Per l’ennesima volta è il silenzio a fare il suo gioco, fino a quando Sara lentamente posa la cornetta! Piange! e senza farsi notare dai suoi genitori entra in bagno. Accende la luce, e sul pavimento si formano le ombre. Si siede sul bordo della vasca e abbassa la testa. Si sente un verme! Come aveva potuto fare questo? Lei, che lo amava più di se stessa. Cerca una risposta a quelle domande. Intanto Luca lentamente! Con lo sguardo fisso sulla finestra, capisce che la sua mente, ora che dovrebbe essere piena di pensieri, è vuota, come se qualcono l’avesse svuotata. Poi cede, e la pioggia non si trovava solo fuori, ma anche nella sua camera. Incomincia a piangere.
Sara si guarda allo specchio, capisce che Luca sta male, ma quella è l’unica soluzione. Poi apre la fontana e bagna gli occhi ormai diventati due palloncini rossi! Alza la testa e prendendo l’asciugamano alle sue spalle, si asciuga. Intanto alcune gocce cadono sui suoi piedi. Poggia la mano sullo specchio come per coprire la sua faccia. Un leggero brivido percorre tutto il suo corpo. Un forte vento l’avvolge e ad un tratto si trova nel buio. Niente più la circonda.
- Dove mi trovo?
Capitolo 2
Dolce e Crudele
Tutto è buio, ricco di silenzio, vuoto,arido. Sara è ancora alla ricerca dell’interruttore del suo bagno. Con le mani tese in avanti, spera di toccare qualcosa, qualcosa che le da la certezza dell’esistenza.
Il suolo è soffice e i suoi piedi nudi lo percepiscono pienamente. Ha la sensazione di camminare su un enorme mare, un mare formato da acqua pungente, come delle spine che spuntano dalla sabbia. Un ambiente dolce e crudele allo stesso tempo. Nel grande silenzio, viene udito un suono forte, risuona forse, in una grotta, o in uno spazio vacante. E’ il cuore di Sara, sede di emozioni, di paure, come quelle che ora sta avendo. Un vento proveniente dal buio stesso rende gelide le sue guance e la punta del suo naso. Il suo respiro aumenta, la sua schiena regge miliardi di brividi, i suoi denti urtano l’uno con l’altro vibrando.

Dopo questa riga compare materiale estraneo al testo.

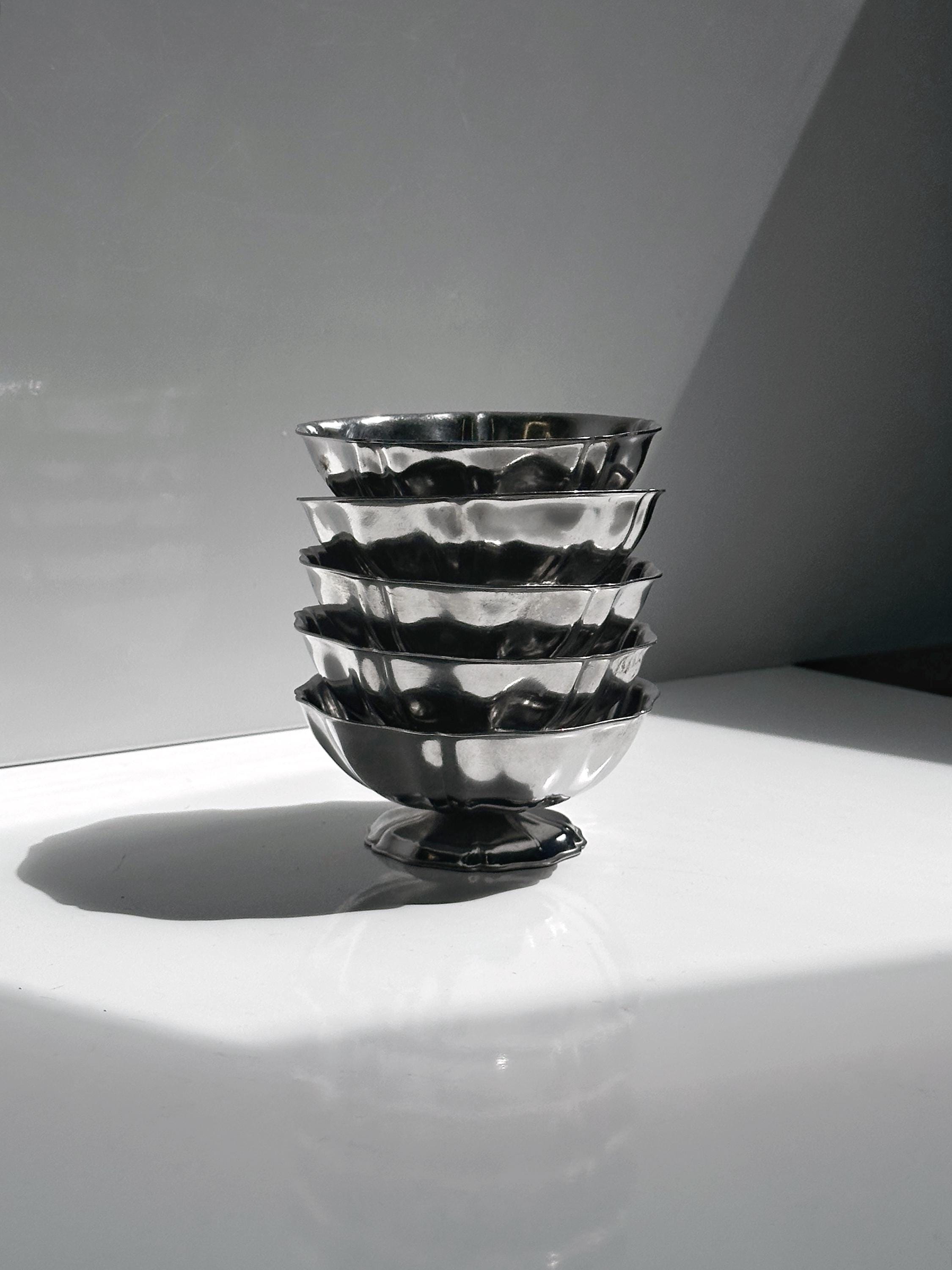5x Inox dessert bowls flower shape low ice cream bowl metal decor cup glass 80s gelato cup foot bowl stainless steel Italy
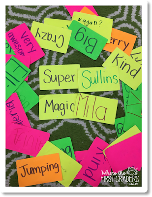 Instead of an anchor chart, I had my students write their own names on index cards (with marker because I wanted to be a cool teacher…not really, but it's hard to read pencil on colored index cards). Then, I wrote their matching adjective on a different index card and put the cards in a pocket chart during our whole group lesson.
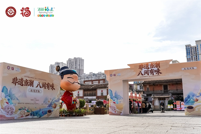 在“茶韵新潮·青春回甘场”,游客们不仅能够品鉴福州茉莉花茶、安溪铁观音、武夷岩茶(大红袍)、漳平水仙茶、正山小种红茶、平和白芽奇兰等六大福建非遗名茶,还可在新式调饮中感受传统茶艺与现代美学的完美融合。在“福礼满载·年味匠心集”,福州同利肉燕、同安封肉、莆田红团、白水贡糖、顺昌灌蛋、闽东畲族乌饭等非遗年货美食满足了味蕾,更传递着浓厚的“福”文化。在“烟火焕新·八闽潮味集”,漳州麻糍、闽南土笋冻、烧仙草、永定牛肉丸、漳州老金枣、芦溪咸菜、闽南米浆花生、明溪肉脯干等市井非遗美味在古城中圈粉无数。三大主题板块各具特色,既有深厚文化底蕴,又充满时代活力,仅11月28日晚就吸引了4万余名游客驻足参与。
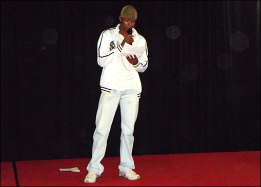 O estudante Rodrigo José B. Amorim fazendo a apresentação da biografia de Antonio Miranda.
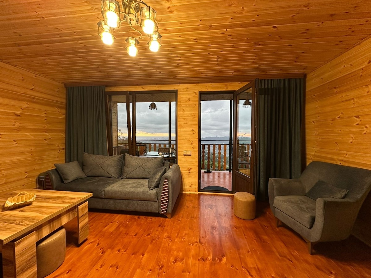 Welcome to our cabin Greenland Pheria, where rural atmosphere meets comfort in the vibrant heart of nature. This bright and stylish cabin offers stunning sea and mountain views from your private balcony and bay windows, just a stone's throw away from city of Batumi. Enjoy the convenience of complimentary air conditioning and Home Theater Projector among other modern amenities.
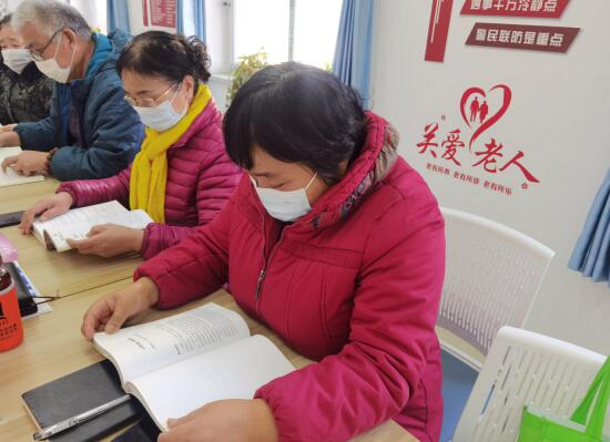 1月20日上午,南京市棲霞區(qū)堯化街道堯石二村社區(qū)實(shí)華老黨員工作室中傳來(lái)陣陣讀書聲。原來(lái),是巾幗老黨員袁桂榮正在組織大家開(kāi)展全民閱讀書香活動(dòng)。
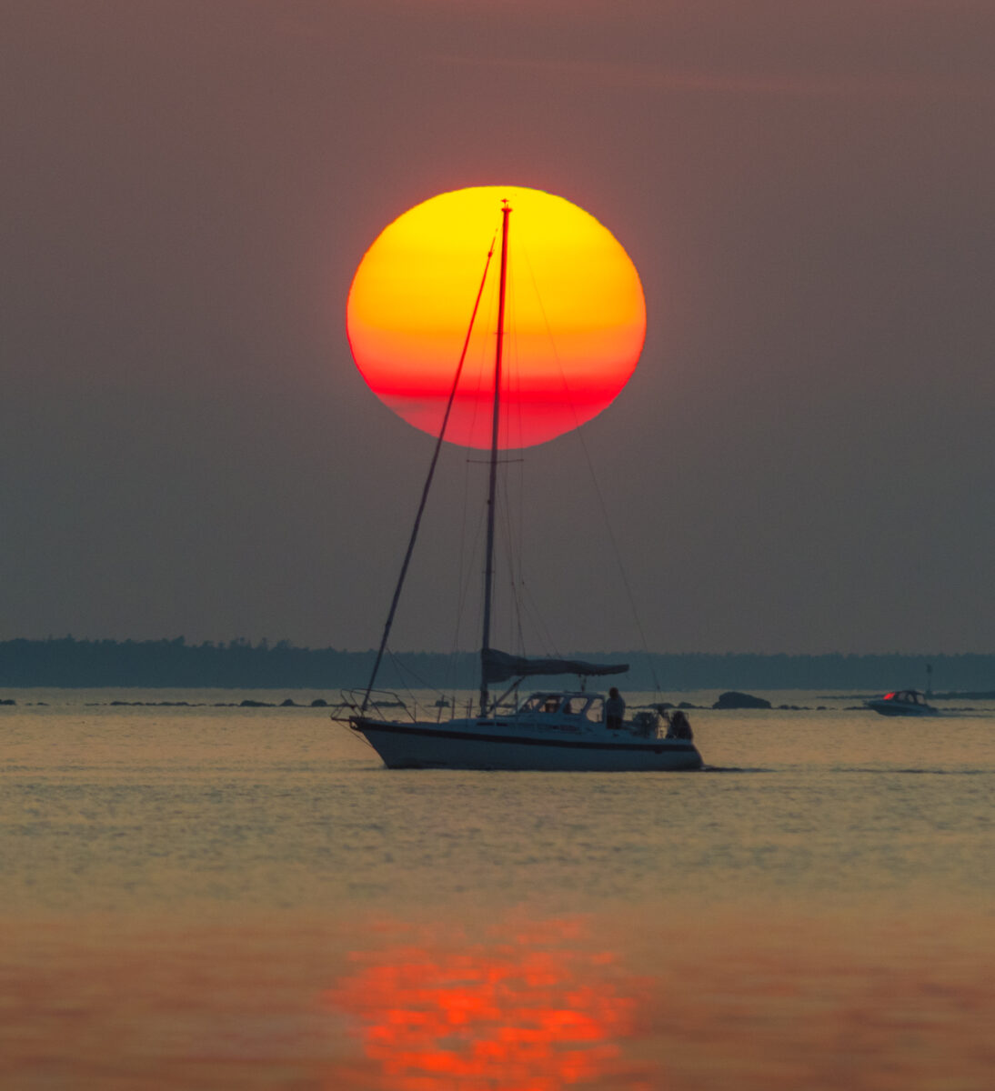 Kuva otettu Kokkolan edustalta, yksi syksyn ainoita hetkiä jolloin aurinko laski punaisena. Purjevene tuli ihan sattumalta mukaan kuvaan.
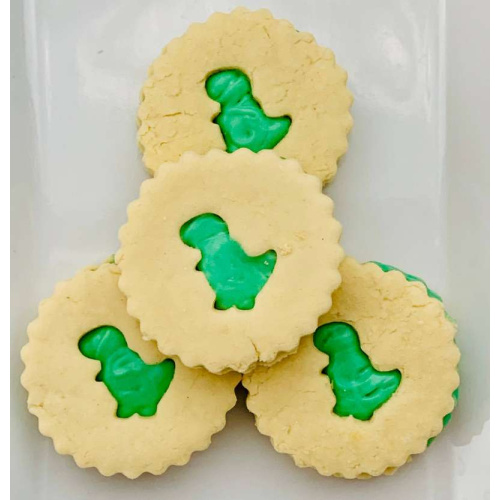Cute Oreo cookies with a dinosaur cut out on the top, filled with green vanilla icing.
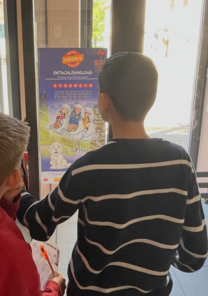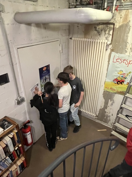Fr. Ziegler las uns dann noch den Anfang des Buches vor. Anschließend durften wir eine Schnitzeljagd durch die Bücherei machen. Wir mussten an fünf Stationen Rätsel lösen und das Lösungswort auf dem Lösungsblatt eintragen. Die Stationen hatten alle mit dem Buch zu tun.

Un raggio di luce giallina spunta da lontano, man mano diviene sempre più grande, l’ambiente prende forma. Sara abbassa le braccia e osserva le pareti rosso fuoco, rosso come un’anima senza speranza. Abbassa lo sguardo e si accorge che il suolo non è altro che un’enorme melma nera. I suoi piedi dal colore chiaro, sono infangati. Alla sua destra una roccia è alzata alcuni centimetri da terra. Aiutandosi con le mani, poggia i piedi sopra uscendo dal fango. Sara trova qualcosa di strano in quella roccia. Insomma com’è fatta una roccia lo sa, sa che ella può essere ruvida o liscia, ma questa è come il vetro, delicata, fragile.
Alza la testa per guardare il soffitto, quello che vede è il suo riflesso. Identico, soltanto ribaltato.
Un rumore strano, si sente alle sue spalle. Si volta!
- Aaaaaaaaaaaaaaaaaaaaaaaaaaaaaaaa!
Un grido enorme percorre l’ambiente. Davanti ai suoi occhi un uomo anziano, con sguardo crudele, e un piccolo sorriso
- Fate tutti così quando venite da queste parti! Che cazzo avete da urlare? Io non capisco. Pensavi di essere al Luna Park? Qui non siamo da nessuna parte, questo posto non esiste, la mia voce non esiste, io non esisto. Dimmi il tuo nome.
Sara è completamente spaventata, le sue mani continuano a muoversi velocemente a sinistra e a destra. Le sue palpebre non si chiudono, rimangono aperte come se fossero incollate alle sopracciglia.
- Senti reginella dal bel seno, ti decidi a dirmi il nome?
Sara pronuncia alcune lettere, ma sono incomprensibili
- S…a…ra!
La persona anziana tira fuori dalla tasca del suo pantalone una penna, e registra il nome su una pergamena.
-Benvenuta! Gioca in questo mondo, perchè ormai non sei più tu, è inutile rischiare, la tua anima è già scomparsa.
L’uomo si volta di scatto, fischiettando entra ina una grotta scomparendo
Sara lo osserva, poi scende dalla roccia, e con disgusto, inserisce di nuovo i piedi nella melma. Una fiamma si accende vicino ad una torcia posizionata al muro, sarà corre con fatica per prenderla. E’ una torcia antica, il legno è vecchio, avrà quasi 100 anni, e lo straccio che man mano prende fuoco ha delle gocce di sangue sopra.
Si incammina per cercare di capire dove è, cosa l’ha spinta in quel posto, cosa è rimasto del suo bagno. Una porta! una porta di vetro molto spesso, si trova a 5 metri dai suoi occhi, la apre…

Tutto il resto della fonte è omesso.